Shulman (2004) discusses the categories of knowledge that facilitate teaching: content knowledge and pedagogical knowledge.
Content knowledge refers to the quality and organisation of knowledge in the thought processes of teachers. Mathematics teachers should have appropriate content knowledge in order to be able to teach the subject fluently (Ball, Thames, & Phelps, 2008; Mishra & Koehler, 2006).
Pedagogical knowledge refers to the expertise of teachers in selecting appropriate methods of teaching the particular content to learners.
Pedagogical content knowledge, the interface between subject and pedagogical knowledge, is referred to as specialised content knowledge (Shulman, 2004). Pedagogical content knowledge becomes evident when teachers have the ability to build on their learners’ prior knowledge and adapt their teaching strategies to best facilitate the new content to learners (Mishra & Koehler, 2006).

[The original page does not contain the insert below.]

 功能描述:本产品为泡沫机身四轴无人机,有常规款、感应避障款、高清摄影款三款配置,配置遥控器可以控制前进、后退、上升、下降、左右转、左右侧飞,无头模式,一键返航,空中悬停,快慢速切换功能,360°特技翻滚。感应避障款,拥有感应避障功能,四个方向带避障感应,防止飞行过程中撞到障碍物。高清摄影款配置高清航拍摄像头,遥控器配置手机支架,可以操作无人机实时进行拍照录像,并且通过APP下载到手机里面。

Content knowledge, pedagogical content knowledge and technological knowledge are important dimensions of effective teaching with ICT.

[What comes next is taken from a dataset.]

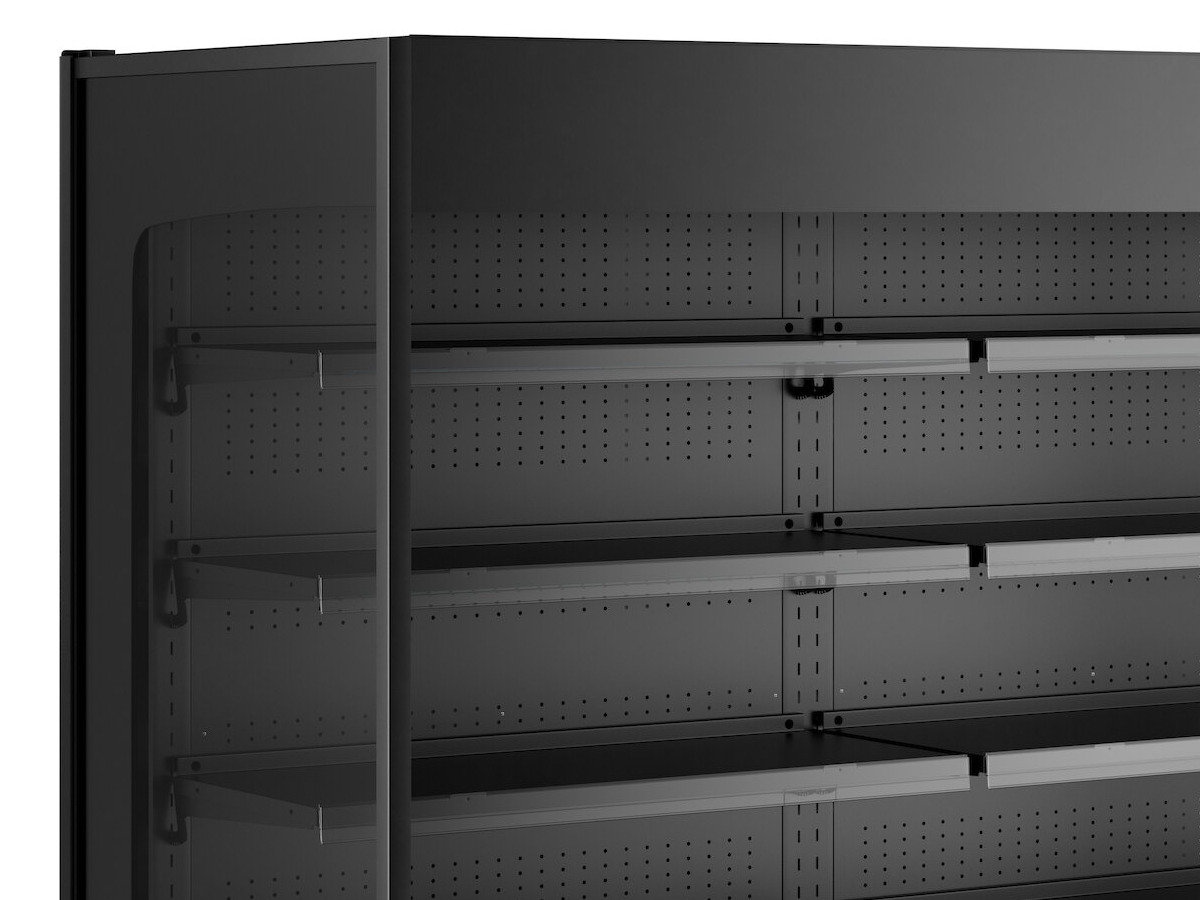 This merchandiser features bright, cool LED lighting to show off your products at their best to draw attention. For outstanding visibility and appearance, this sleek black merchandiser features glass partial sides and comes with 8 steel shelves so you can organize and load your merchandiser with confidence. Each shelf also comes ready with a price tag strip.

Technological knowledge refers to the ability and skills to use the variety of technologies such as books, chalk and blackboard, as well as technologies such as computers, the Internet and digital resources, to teach learners the required content.

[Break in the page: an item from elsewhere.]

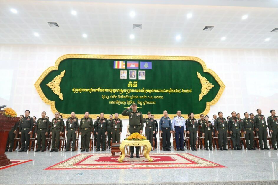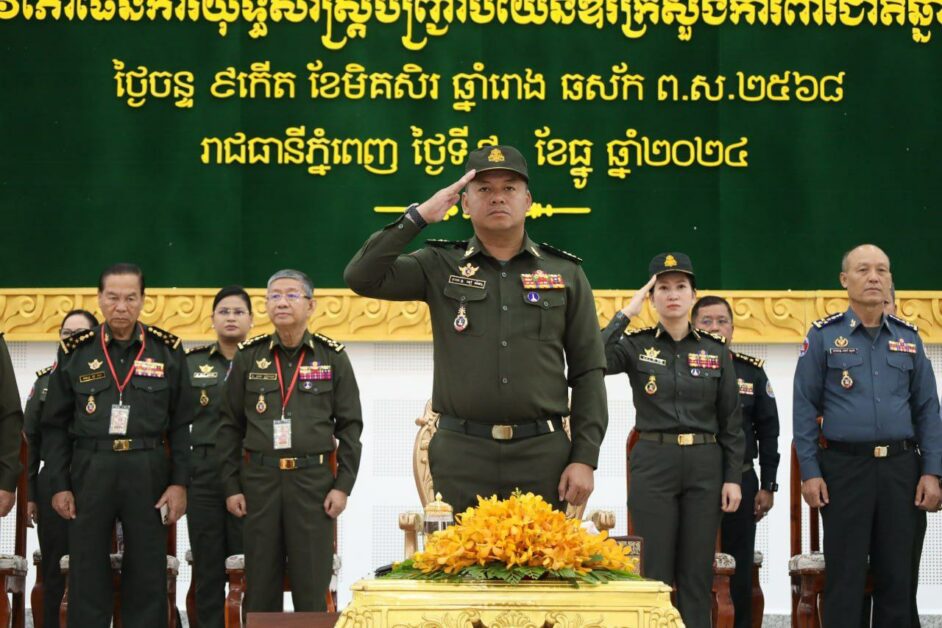 នាព្រឹកថ្ងៃទី ០៩ ខែធ្នូ ឆ្នាំ២០២៤ នៅសកលវិទ្យាល័យការពារជាតិ ឯកឧត្តម នាយឧត្ដមសេនីយ៍ ទៀ សីហា ឧបនាយករដ្ឋមន្ត្រី រដ្ឋមន្ត្រីក្រសួងការពារជាតិ បានអញ្ជើញជាអធិបតីក្នុងពិធីផ្សព្វផ្សាយសៀវភៅផែនការយុទ្ធសាស្ត្រ បញ្ជ្រាបយេនឌ័រ ក្រសួងការពារជាតិ ឆ្នាំ ២០២៤ –

Technological content knowledge refers to how content can be taught with the use of technology. Technological content knowledge is the area where technology and pedagogy link. This knowledge base is where the teaching and learning occur due to the existence, components and capabilities of the various technologies. Teachers with technological content knowledge select a specific teaching strategy, as well as the most appropriate ICT, to teach curriculum content to learners (Draper, 2010).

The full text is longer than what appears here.